Deep divergence and rapid evolutionary rates in gut-associated Acetobacteraceae of ants.

Background: Symbiotic associations between gut microbiota and their animal hosts shape the evolutionary trajectories of both partners. The genomic consequences of these relationships are significantly influenced by a variety of factors, including niche localization, interaction potential, and symbiont transmission mode. In eusocial insect hosts, socially transmitted gut microbiota may represent an intermediate point between free living or environmentally acquired bacteria and those with strict host association and maternal transmission.

Results: We characterized the bacterial communities associated with an abundant ant species, Camponotus chromaiodes. While many bacteria had sporadic distributions, some taxa were abundant and persistent within and across ant colonies. Specially, two Acetobacteraceae operational taxonomic units (OTUs; referred to as AAB1 and AAB2) were abundant and widespread across host samples. Dissection experiments confirmed that AAB1 and AAB2 occur in C. chromaiodes gut tracts.
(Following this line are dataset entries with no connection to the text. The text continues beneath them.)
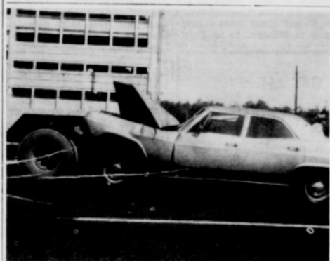
This 1965 Chevrolet Sedan received heavy damage Monday, 2 miles west of Baird. The driver of the auto was not injured, due to the fact he was wearing a safety requirement installed in this auto - Safety Belts. The Texas Safety Association are urging all drivers to install seat belts, and use them.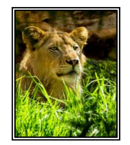
Apprentice Bessie Reece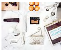
9 Summer Hostess Beauty Essentials VioletGrey.com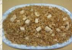
Chicken Fried Rice

3 Egg Rolls Sweet & Sour Chicken Balls Beef with Vegetable & Almond Chicken Chow Mein Chicken Fried Rice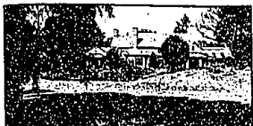
CITY OF BLOOMFIELD HILLS. Exquisite first offering. Located on 1.39 acres with island and two waterfalls. First floor master suite, five other bedrooms, five end one half baths, family room, library, heated conservatory. $2,350,000 (EC-H-50LCV) 741442 Call 646-1400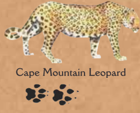
Cape Mountain Leopard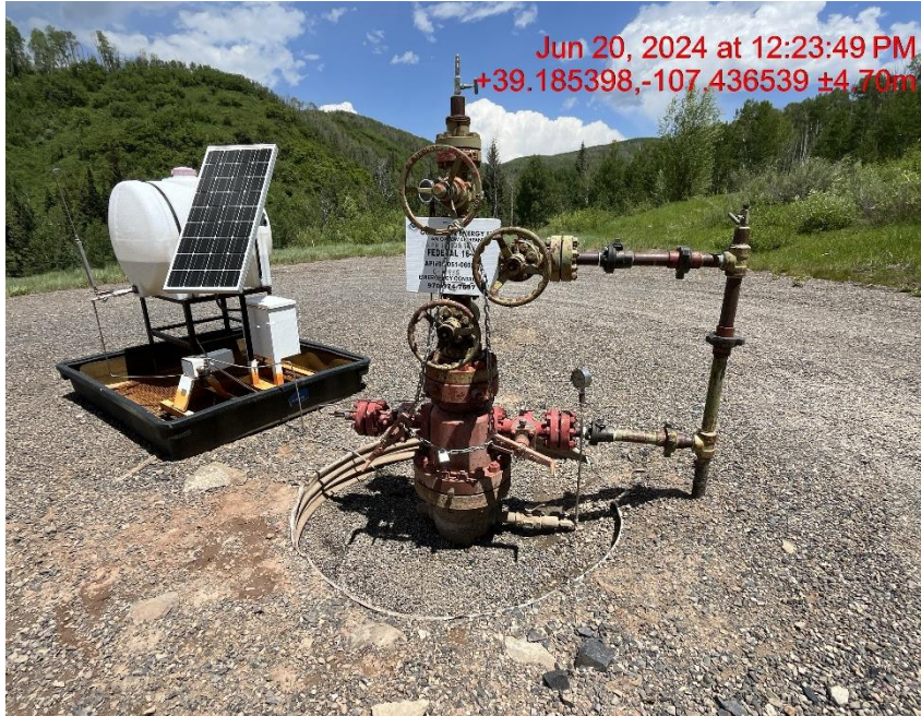
Well head and chemical tank - Photo #02791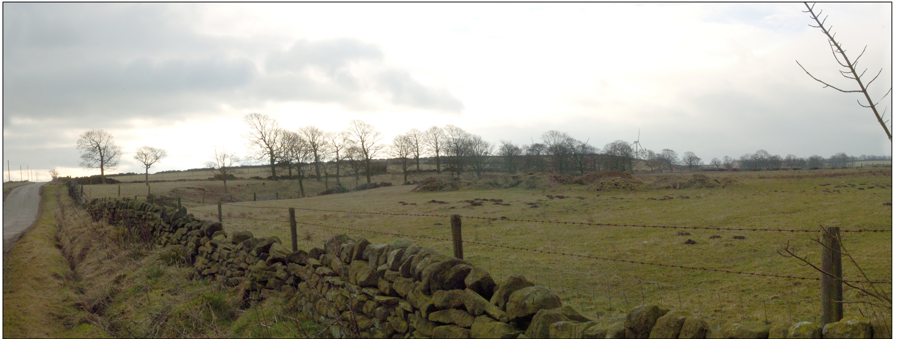
Existing view from viewpoint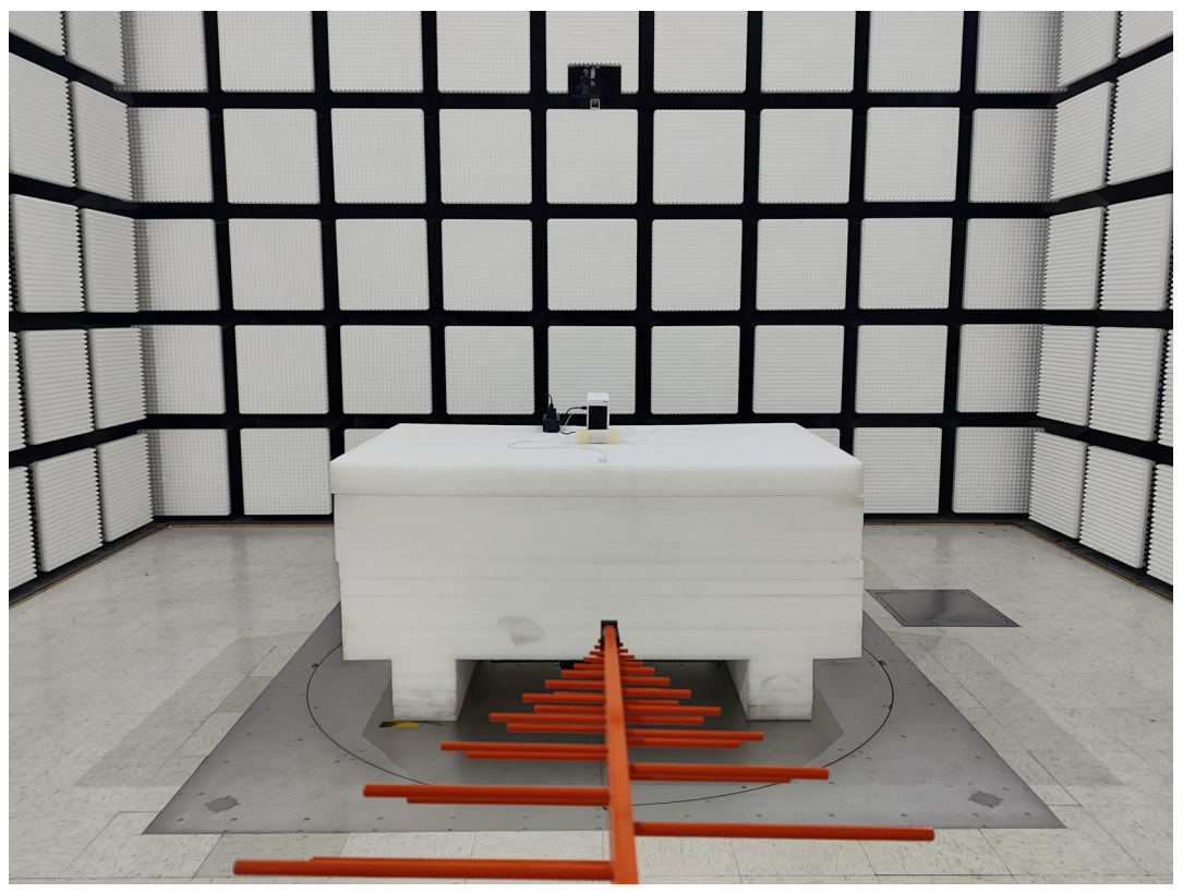
Page 3 of 4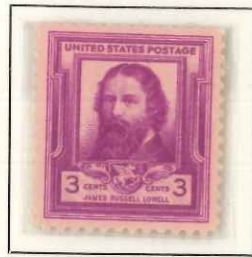
JAMES RUSSEL LOWELL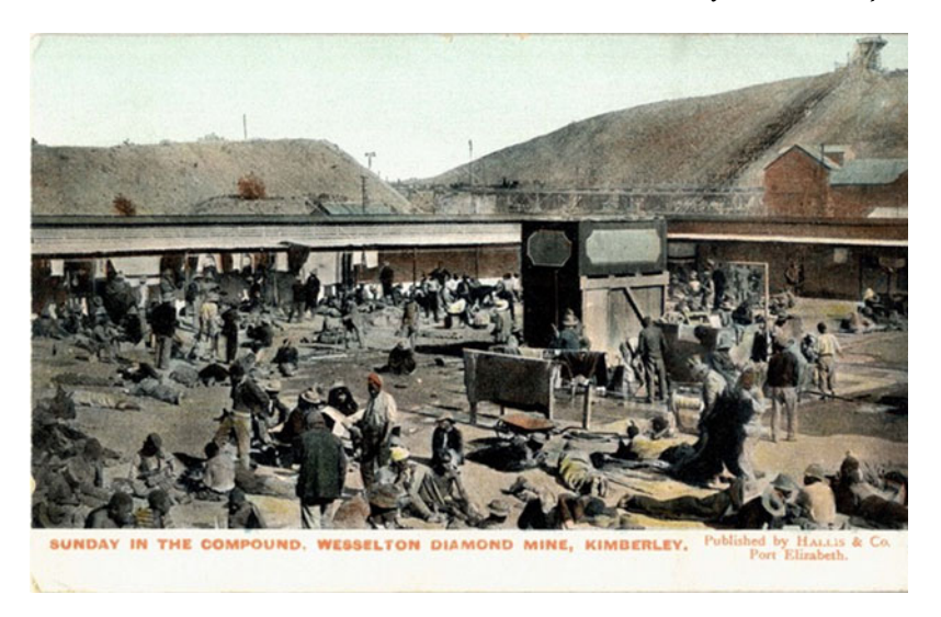
Figure 2. Postcard showing the compound of the Wesselton diamond mine in Kimberley, date unknown.

compounds (Figure 2).<sup>110</sup> She offers a brief discussion of the architecture, the salaries of the white managers and guards, the recruitment process, and the practice of the mining companies to set up stores inside the compounds. The argument that this took a profitable business away from Kimberley's merchants was the only protest uttered in the white community of Kimberley against the compounds.<sup>111</sup>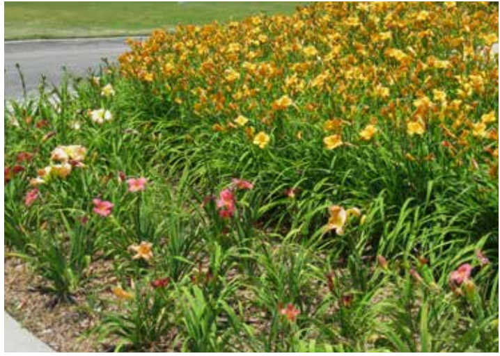
Bahama Butterscotch massed behind mixed daylily border at the Los Angeles Arboretum

Select Regionally Appropriate, Named Varieties - Daylilies thrive in all 50 states, but each variety has a favorite climate. The 3 most popular daylily varieties, 'Stella de Oro', 'Pardon Me' and 'Happy Returns', suffer in Southern California. They are deciduous (no foliage) for 3 months and require freezing winters. On the other hand, our evergreen winter-blooming varieties would freeze to death in Maine. Many Florida daylily hybrids require hot, humid nights for blooms to open, a disappointment in gardens with cool summer nights. A rare few varieties perform well across the U.S.A., earning the All American Daylily title. As a test site for this award, www.allamericandaylilies.com, we have access to nationwide daylily performance characteristics so we can help you succeed with daylilies wherever they are going. Amazingly, most nurseries and designers label daylilies by colors or just as "hybrids", an approach that ended with roses over 50 years ago.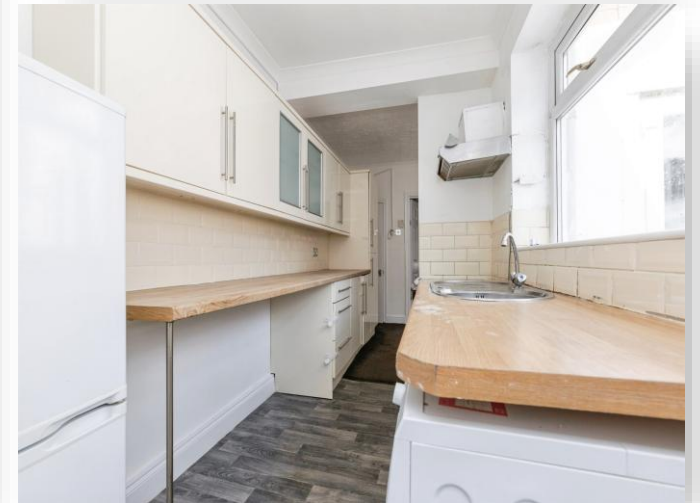
Bright Street, Hartlepool TS26 8JY

We explored the distribution and evolution of these Acetobacteraceae OTUs in more depth. We found that Camponotus hosts representing different species and geographical regions possess close relatives of the Acetobacteraceae OTUs detected in C. chromaiodes. Phylogenetic analysis revealed that AAB1 and AAB2 join other ant associates in a monophyletic clade. This clade consists of Acetobacteraceae from three ant tribes, including a third, basal lineage associated with Attine ants. This ant-specific AAB clade exhibits a significant acceleration of substitution rates at the 16S rDNA gene and elevated AT content. Substitutions along 16S rRNA in AAB1 and AAB2 result in ~10 % reduction in the predicted rRNA stability.

Conclusions: Combined, these patterns in Camponotus-associated Acetobacteraceae resemble those found in cospeciating gut associates that are both socially and maternally transmitted. These associates may represent an intermediate point along an evolutionary trajectory manifest most extremely in symbionts with strict maternal transmission. Collectively, these results suggest that Acetobacteraceae may be a frequent and persistent gut associate in Camponotus species and perhaps other ant groups, and that its evolution is strongly impacted by this host association.